Learning to Grow

Bicentennial Podcast

Founders & Futurists

Discover our healthcare visionaries and imagine the possibilities ahead as MCPHS celebrates its Bicentennial.

About Founders & Futurists
Evolution With Vision

Learning to Grow

As the 20th century dawned, research and advances – such as the discovery of modern antibiotics – began to set the stage for a major disruption in healthcare.


Breakthroughs Bring Change

Scientists started to unravel the mysteries of the body, and outdated ideas about disease were replaced by a better understanding of how people could be treated. The more scientists learned, the more knowledge the College was able to pass on to students.

The pace of innovation increased exponentially in the second half of the century, beginning with key breakthroughs such as the discovery of DNA and the first organ transplant in the 1950s. As a result, healthcare grew increasingly complex and a wide range of new specialties emerged, creating a need for more training and collaboration. 

In response, the College embraced sustainable expansion and diversification of people, programs, and opportunities within the health and life sciences fields. Initiatives such as our continuing education programs began to emerge. 


How has MCPHS grown and changed over the last 40 years?

In 1979, the name of our institution was changed to Massachusetts College of Pharmacy and Allied Health Sciences, and we were awarded additional degree-granting authority. The shape of things to come took on a new level of meaning when our flagship campus in Boston became residential in the mid-1990s.

Inspired by former President Charles Monahan’s mantra, “You have to grow,” the University’s expansion accelerated, coinciding with another name change to Massachusetts College of Pharmacy and Health Sciences in 1999. A period of breathtaking growth followed, transforming MCPHS into one of the most comprehensive independent health- and life-sciences universities in the world.

Diversification was key. As we started getting some momentum, the success built on itself and we added new campuses, new programs, new employees, new facilities, and we got into a growth mode that really took off over the course of the last 25 years.

Richard J. Lessard | President of MCPHS


Notable milestones during this period include:

1999 – Academic Affairs is reorganized according to a strategic plan, and new units and schools are created, including the School of Arts and Sciences. The same year, MCPHS also purchases and begins to renovate the vacant Albert Spencer Lowell building in Worcester near two medical centers.

2000 – First building of the Worcester campus opens at 19 Foster Street, housing an auditorium, classrooms, labs, a library, computer lab, student lounge, and study space. 
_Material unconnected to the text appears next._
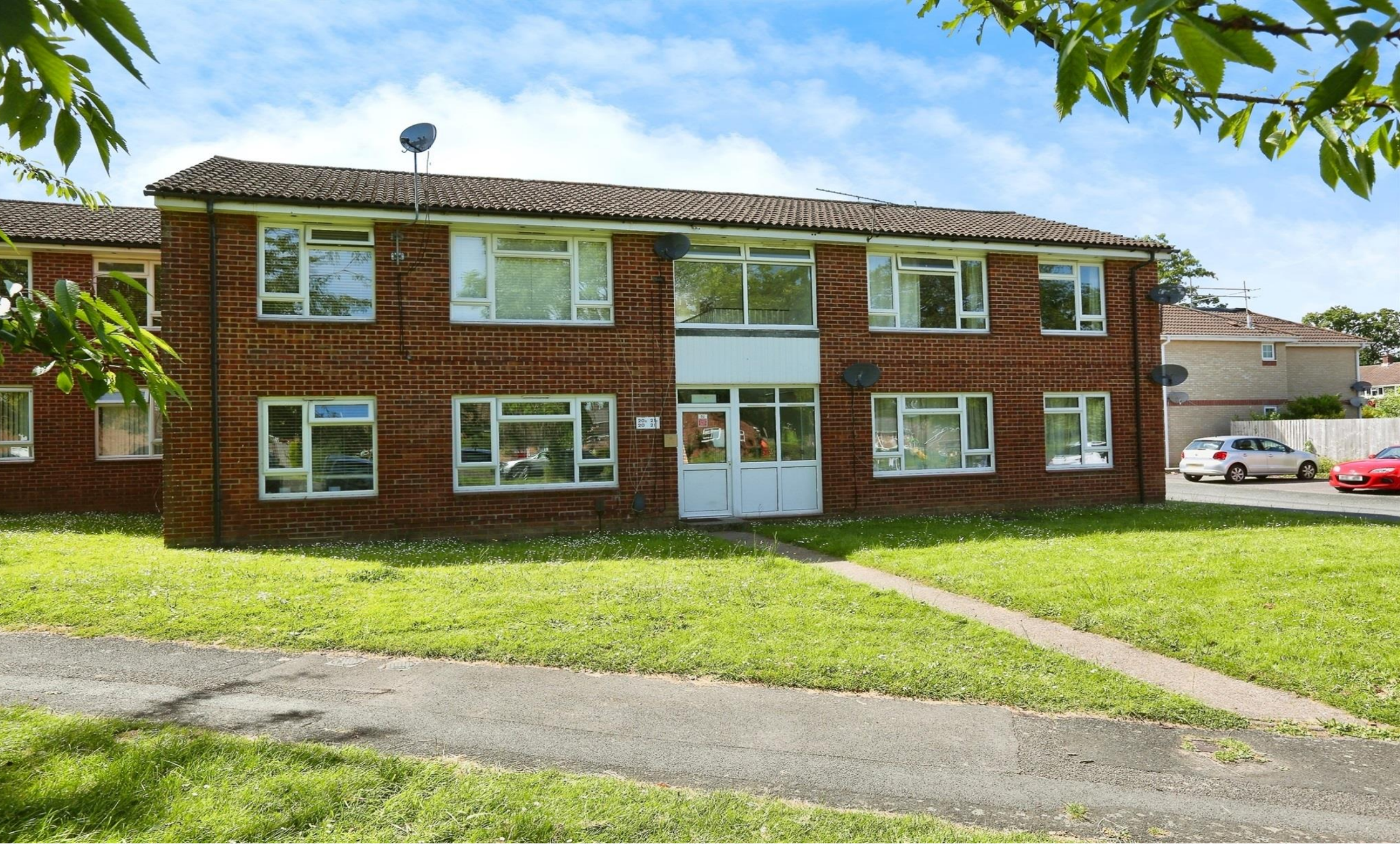
Simmons Close, Hedge End, Southampton, SO30 4NT

The opening of our Worcester campus in 2000 marked a major milestone for MCPHS

2002 MCPHS expands to Manchester, NH when the University assumes responsibility for Notre Dame College’s Physician Assistant Studies Program upon its closing. MCPHS also acquires the Forsyth School for Dental Hygienists, which was founded in early 1900s.

2003 – New building at 1260 Elm Street opens to students in Manchester.
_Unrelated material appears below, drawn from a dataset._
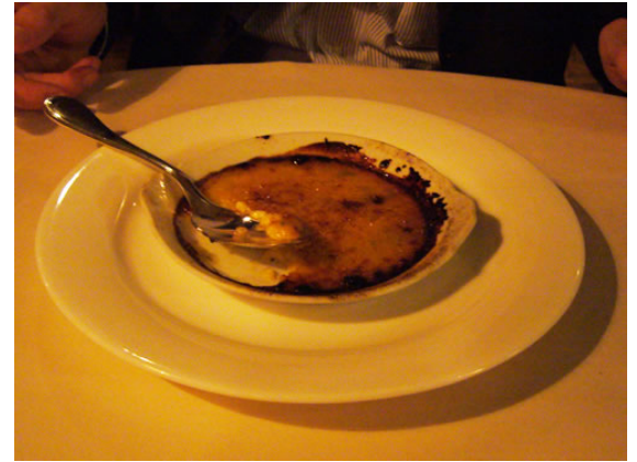
Menu of a French restaurant.

2005 – Living and Learning Center – later renamed for Thomas Henry Borysek – opens in Worcester. It includes admin and faculty offices, classrooms, a tech center, patient assessment and simulation labs, and six floors of suite-style housing.

2007 – School of Nursing, School of Physician Assistant Studies, and School of Radiologic Sciences (later renamed the School of Medical Imaging and Therapeutics) are established, building on many years of University programming in these fields. Construction also begins on the 6-story Richard E. Griffin Academic Center on Huntington Avenue in Boston, which will significantly increase the University’s footprint.
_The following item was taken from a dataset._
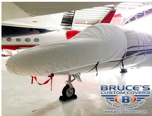
Citation CJ4 Cockpit/Nose Cover and Heat Resistant Pitot Covers set

Travel Covers are made with Silver Solution-Dyed Polyester fabric and only lined over the windshield to save weight. The material is lightweight and more compact for easy stowage in the aircraft. The polyester material is water resistant, but only intended for occasional use outside. We also have an ultra lightweight material available for fitted hangar dust covers. For daily outdoor use, the non-travel Sunbrella Cover is the best choice.
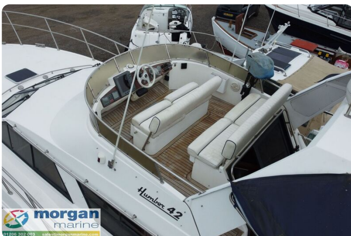
Humber 42 - pilot seat

2008 – Purchase and renovation of 40 Foster Street in Worcester to include smart classrooms, an auditorium, and a street-level lab with a model pharmacy.

2011 – School of Physical Therapy is developed on the MCPHS Worcester campus.

2012 School of Optometry is founded at MCPHS Worcester campus, with classes beginning in in state-of-the-art teaching facilities with cutting-edge equipment. The campus features the Eye and Vision Center and 10 Optical retail store, which serve the local community.


MCPHS has added programs in a wide variety of fields over the last 25 years.

2015 – MCPHS acquires the New England School of Acupuncture, a leader in acupuncture education and the oldest school of acupuncture in the United States.

2017 – Brant Hub formally dedicated in Manchester, expanding the footprint of MCPHS in the city.

2018 – School of Professional Studies founded to help MCPHS bring its vast educational offerings to adult learners and working professionals. The University establishes the School of Healthcare Business the same year, with programs designed to empower leaders across the healthcare field.

2019 – Occupational therapy programs move under a new School of Occupational Therapy.


What external trends influenced the rapid evolution of MCPHS?

As we added programs in fields ranging from dental hygiene to optometry to acupuncture, we were also able to create unique interprofessional practice and education (IPE) experiences for students. Team-based care was becoming industry best practice, and we were on the forefront of preparing healthcare professionals to thrive in a collaborative environment.